Justice and Development Party (AK Party) governments have made many improvements regarding disabled people, from education to care services, from employment to prevention of discrimination and services such as removing bureaucratic obstacles that prevent disabled people from accessing social services and provision of home care and home health care services were among the top which has improved the quality of life of disabled citizens. According to the statistics of the Ministry of Family and Social Services, by 2023, annually approximately 600,000 people are getting an in-home caring allowance. While only 28,000 citizens benefited from in-home care services in 2007, this has almost reached 600,000 as of May 2023, with a twentyfold increase. Moreover, 858,000 people are getting paid disability/incapacity allowance, and more than 1.5 million people (including the disabled) are benefiting from in-home mobile healthcare services as of 2023.
Institutional vs. in-home care
As for comparative welfare research, interesting programs have been launched for the disabled in Türkiye, although rarely subjected to scholarly research. As a striking example, due to the nature of the AK Party's pro-family welfare stance, the Family and Social Services Ministry favors informal care over institutional. Home care is being supported and is suitable for the social construct of Türkiye. Likewise, instead of large care institutions, small-scale, residential area-based institutions called "hope houses" are being established (149 hope houses established by 2021).
Discussions over institutional care versus informal care constitute one of the main debates in social policy scholarly studies. Emerging from the approach of T.H. Marshall, some argue that establishing core institutional care would establish a welfare state accessible for all citizens in an equal treatment manner and defend that informal care is uncontrolled and leaves the individual at the mercy of society. This approach offers established large-scale institutions funded by taxes and accessible to all citizens. On the other side, many argue that institutional care creates unsustainable burdens over welfare regimes and defends that whenever possible, informal care should be encouraged where the individual feels at home/at his organic environment. This approach defends that institutions deteriorate inevitably, and institutionalizing the individuals results in alienation.
Welfare regimes are required to fit into the sociocultural construct of society to be effective, cost-efficient, applicable and sustainable. Social policy is never a culture-free universal prescription; a formula that may fit Japan best may have catastrophic results, let's say, in Mexico. Thus, culture-sensitive social policy is always essential.
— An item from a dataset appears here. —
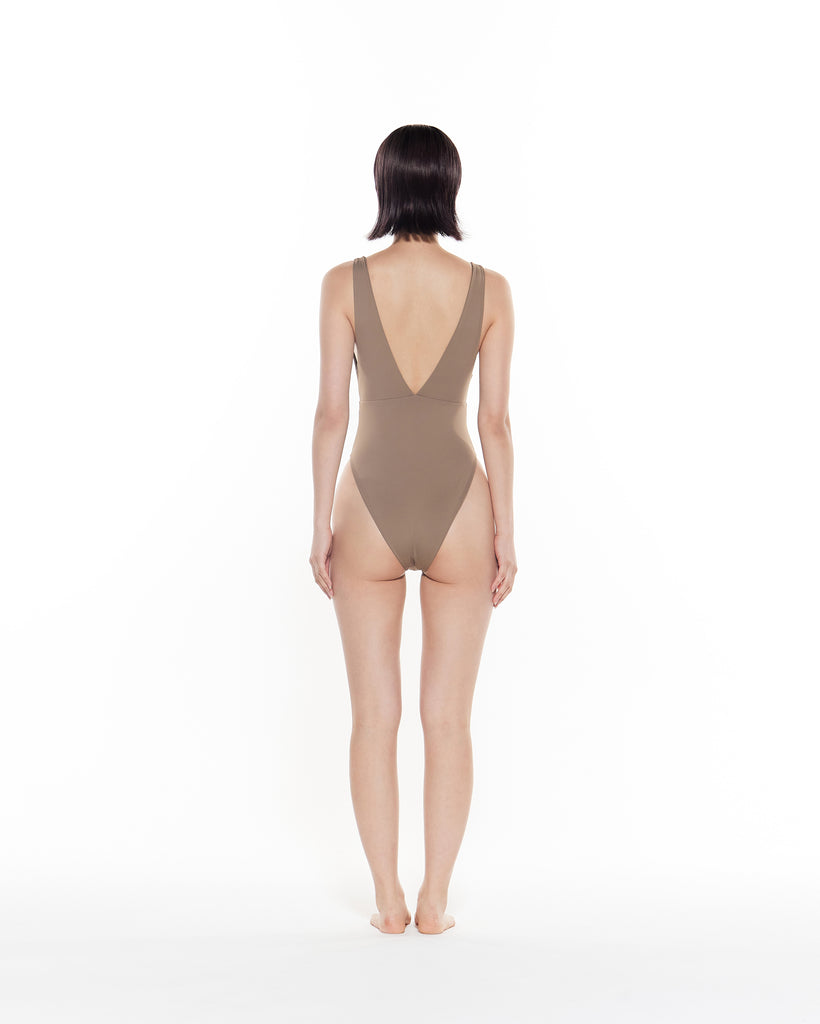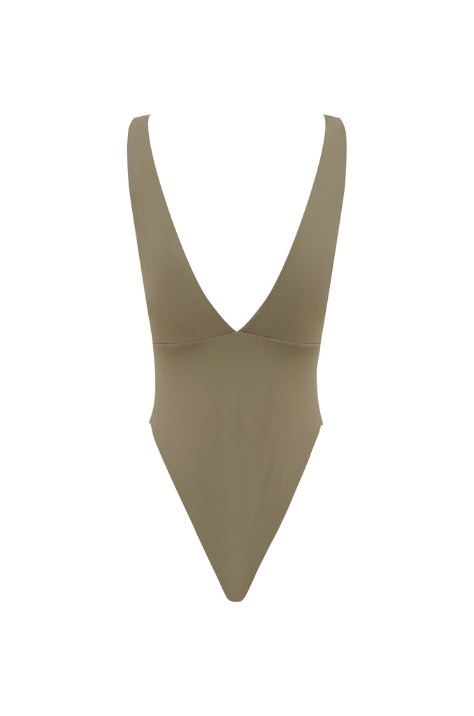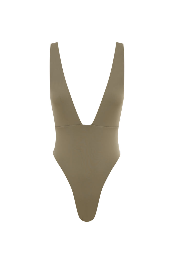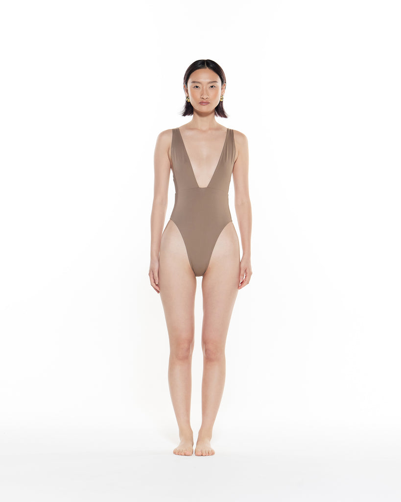 The Vaughn One Piece features a deep V-front and back with our signature leg cut and a medium to full coverage bottom.

Turkish culture advises that elderly and disabled people should be cared for at home by their families and moreover, it considers it shameful for children to leave elderly parents or disabled members in nursing homes or care institutions. Thus, the Turkish culture of supporting in-home care and policy experiments in this regard requires significant attention from social welfare studies as an out-of-Western welfare state experience.
Nonetheless, compared to the mature welfare states, Türkiye's baby-step efforts are yet experimental. The country is required to implement significant further steps, without omitting focusing on the changing social realities, to become a fully-fledged welfare state.
However, they require attention and scrutinization by scholars in the field. Ensuring the disabled access to all sections of social life, such as education, career, work-life, arts, culture, etc., still presents itself as a challenge for the country. Disabled people are required not to be cared for but to be supported to be self-sufficient and contribute to society. If proper mechanisms were established, 16% more of the population would contribute to the economy and society rather than being a burden for the welfare regimes.